ブラームスの声楽作品のテキストに「コーヒー」が出てくる。おそらく一箇所だ。「49のドイツ民謡集」WoO33の27番。以前に「雪山讃歌」と似ていると指摘した作品。

一人の乙女が3人の男から意中の人を選ぶ筋書き。一人目は左官、二人目は大工、結局三人目の軽騎兵を選ぶ。軽騎兵は当時としては、あこがれの職業。最後に乙女が軽騎兵を選ぶのは、ベタな展開だが致し方あるまい。その男が毎日早起きしてコーヒーを飲むと歌われる。

バッハの名高い「コーヒーカンタータ」ほどの重要な位置付けではなくて単なる小道具だが、正規の歌曲には出現しないので貴重。

2012年3月20日 (火)

クォドリベート再考

バッハの「ゴールドベルク変奏曲」の第30変奏が気に入っていると何度も書いてきた。さまざまな旋律が同時に鳴らされるという特異な形式が、「Quodlibet」(クォドリベート)と呼ばれている。「みんなで一緒に」程度の意味だ。

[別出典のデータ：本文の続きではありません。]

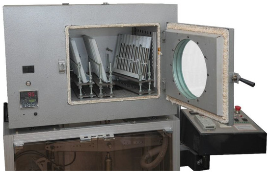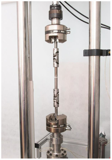 The adhesive joints were tested for axial tensile strength, which corresponds to pulling straight, in-plane, and away from the adhesive bond. For this purpose, the joints were fixed in the clamps of the testing machine (Figure 3) using U-joint grips and then pulled at a constant speed of 4 mm/min while recording the time, deformation and value of the tensile force. The tests were carried out in two series for each of the prepared combinations, i.e., at an ambient temperature of 20 °C and, using the heating chamber of the testing machine, at an elevated temperature (50 °C for the joints made with E57/PAC adhesive and 70 °C for Hysol 9492). At the end of each test run, the failure mode of the individual joints was recorded according to the EN ISO 10365:2022 standard (Adhesives—Designation of main failure patterns) [20].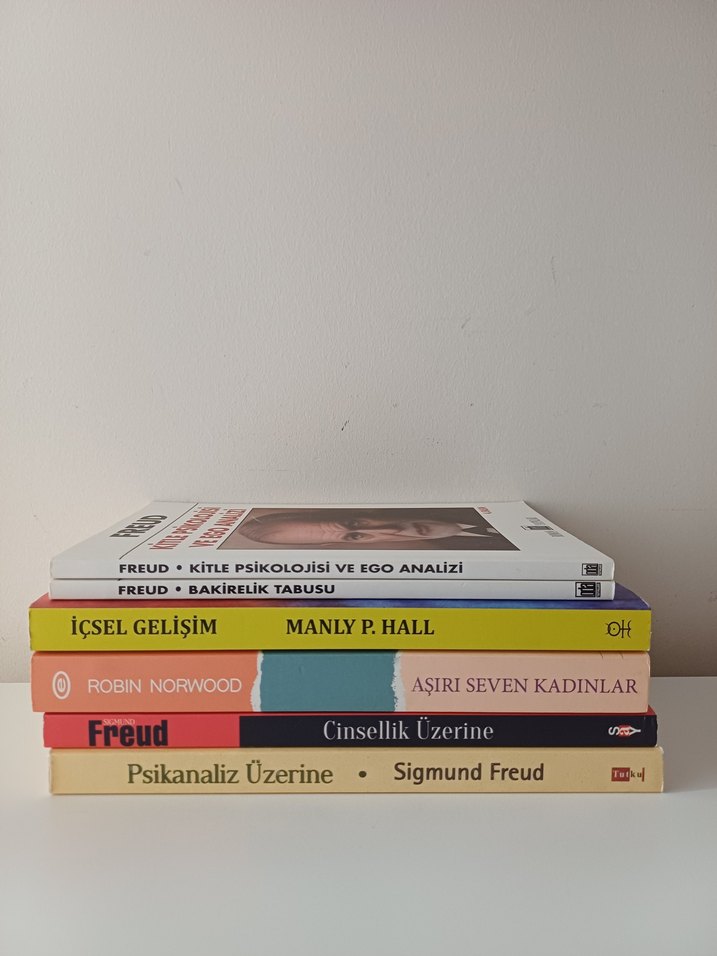 Sigmund Freud, Manly P. Hall ve diğer yazarların psikanaliz, içsel gelişim ve cinsellik üzerine kitaplarından oluşan bir set.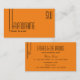 Make a lasting impression with this classic and simple business card design with black font & fine decor stripes and monogram on a plain orange background.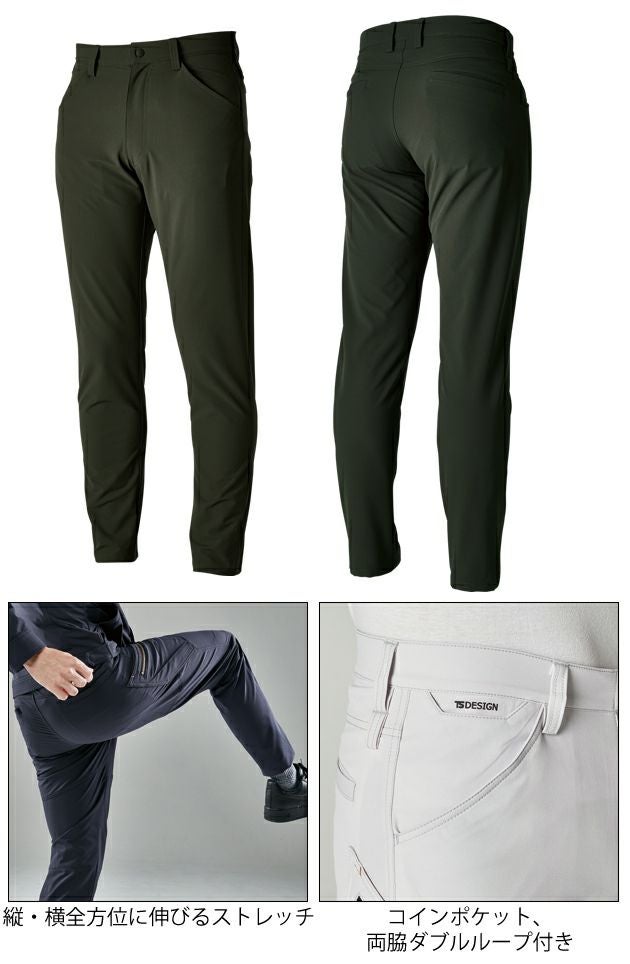 | 特徴 | JIS T8118規格適合の「静電気帯電防止作業服」 スッキリしたシルエットが魅力のパンツ ◆縦・横全方位に伸びるストレッチ。 TS4DエコダブルクロスはTS DESIGN独自開発の素材。全方位にのびるストレッチ性、帯電防止の機能が備わった新しいワークウェアのスタンダードを作る可能性を秘めた素材となっている。 ・コインポケット、両脇ダブルループ付き |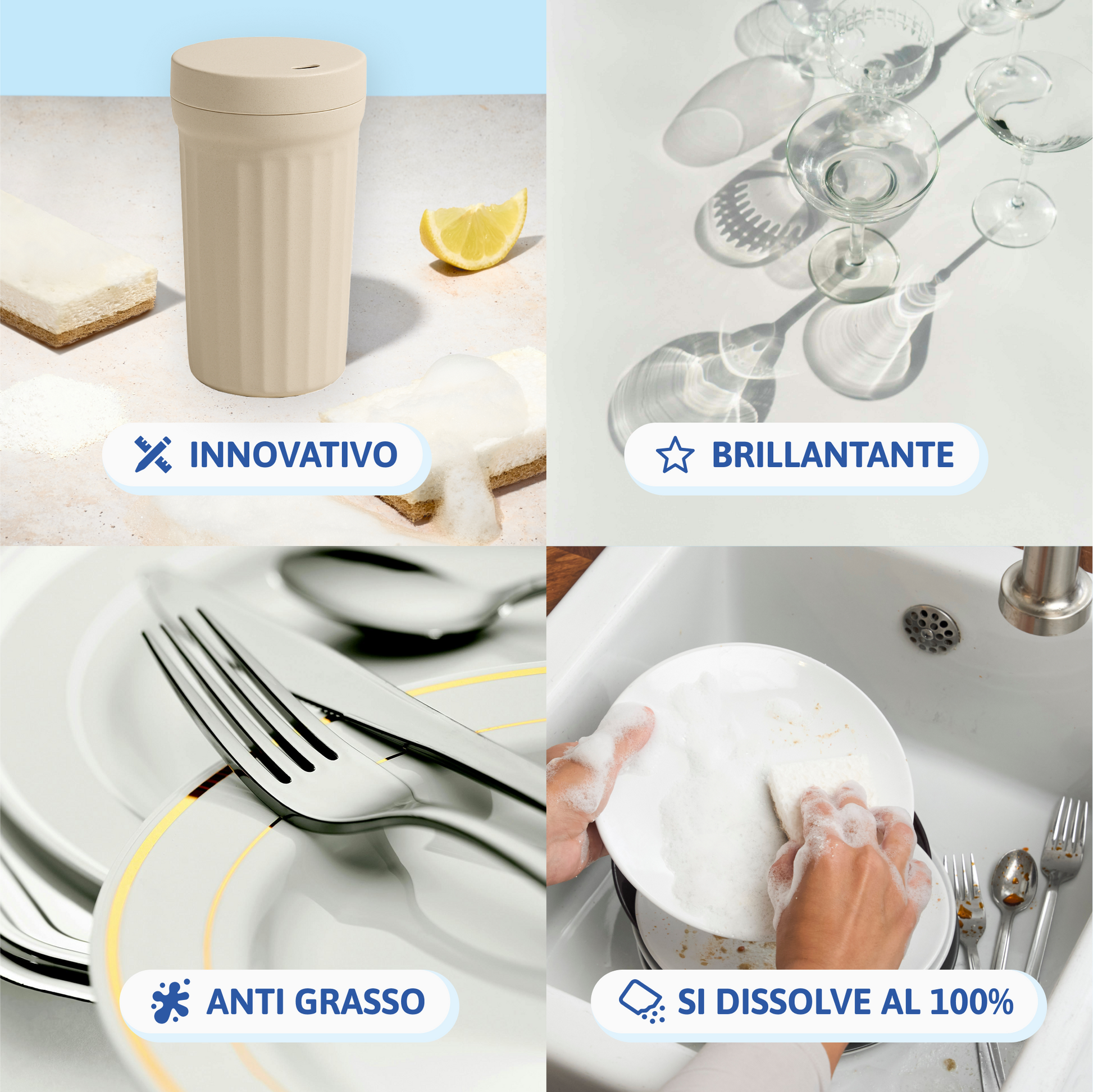 Sapone per piatti in innovativo formato polvere. Basta una piccola quantità sulla spugna per creare schiuma abbondante e duratura che elimina sporco e grasso da stoviglie, pentole, padelle. Formula eco-friendly con 94,4% di ingredienti naturali.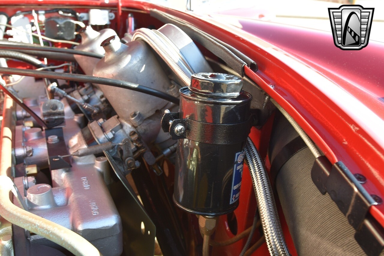 The interior of this Austin-Healey 3000 is just as impressive as its exterior. The cabin is adorned with a luxurious tan leather, offering a wonderful contrast to the bold red exterior. The seats are comfortable and supportive, making even long journeys a pleasure.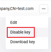 next to your certificate and select Disable key (see the figure below).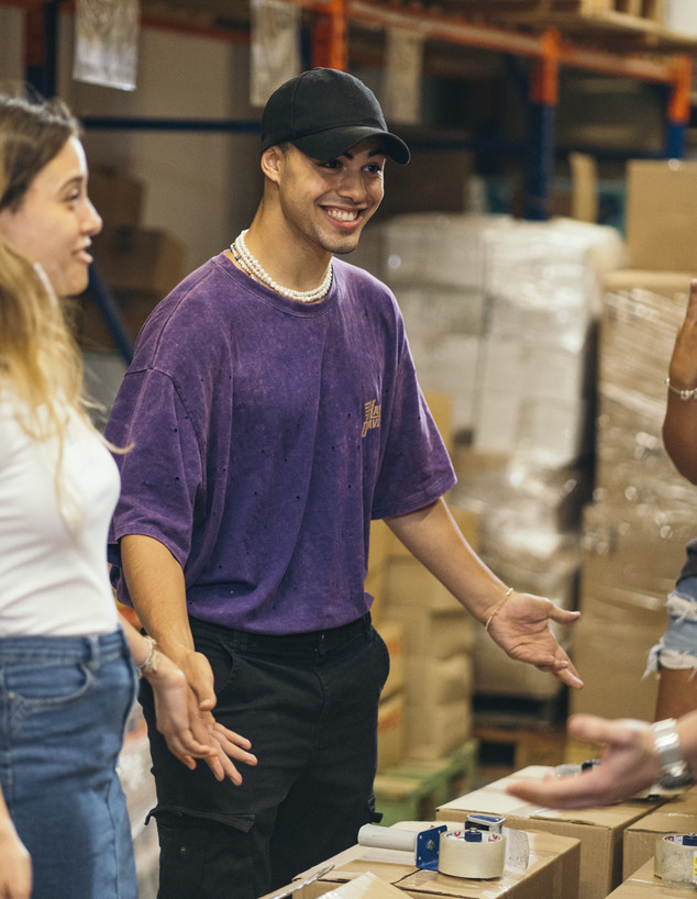 עדן, יחד עם עוד מתנדבים מפרויקט הקיץ Coca-Cola WOW 2021, עזרו במקום למיין ולסדר את הבגדים שמגיעים לשם כתרומה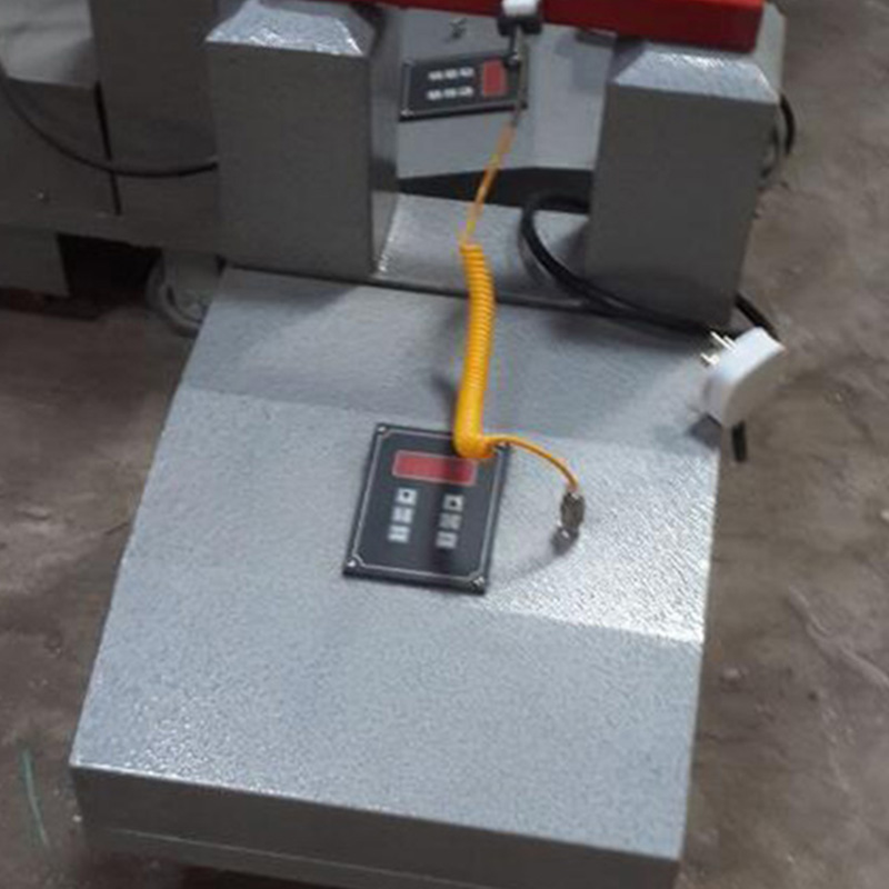 7、根据不同规格的轴承或其它工件,选择不同的轭铁套上,将此轭铁放在主机的顶部端面上,应吻合平整。

昨今ずぶずぶとはまっている学生歌だが、そのキッカケともいえる「ガウデアムス」のテキストを調べていて驚いた。4番の歌詞だ。

Viva academia,vivant professors 大学万歳、先生万歳

Viva academia,vivant professors  大学万歳、先生万歳

vivat membrum quodlibet,vivant membra quaelibet 同胞万歳、すべての同胞万歳

semper sint in flore 永久に栄えあれ

semper sint in flore 永久に栄えあれ

3行目に「quodlibet」が出てくる。和訳と無理にこじつけると「全ての」くらいの意味に落ち着けそうだ。あるいはその前行と前々行の大学や先生をも含めた「全て」の意味かもしれない。

出てくる単語が「そういえばわかるような気がする」というスペリングなのが笑える。特に4、5行の「sempr」は、音楽用語の「sempre」と関係があるに違いない。

2012年3月18日 (日)

tenerae amabiles

大学祝典序曲のラストを飾る学生歌「Gaudeamus」はラテン語の歌詞を持っている。大抵は4コーラスだ。各々のコーラスの意味は下記の通り。

  1. 青春時代を楽しめ
  2. 大学に栄光あれ
  3. 乙女たちよ健やかなれ
  4. 祖国よ永遠なれ

その3番目は婦人礼賛のテキストだ。「乙女たちよたおやかで愛らしくあれ」と歌われるその場所こそが本日のタイトル「tenerae,amabiles」だ。ブラームス愛好家は「ハハーン」となる。「tenerae」は「teneramente」、「amabiles」はもっとストレートに「amabile」を思い浮かべるに決まっている。インテルメッツォop118-2冒頭に鎮座する「Andante teneramente」は至高の指定で一般に「優しく」と解される。ヴィオラソナタ第2番の冒頭とイ長調ヴァイオリンソナタに「Amabile」があって「愛らしく」と訳される。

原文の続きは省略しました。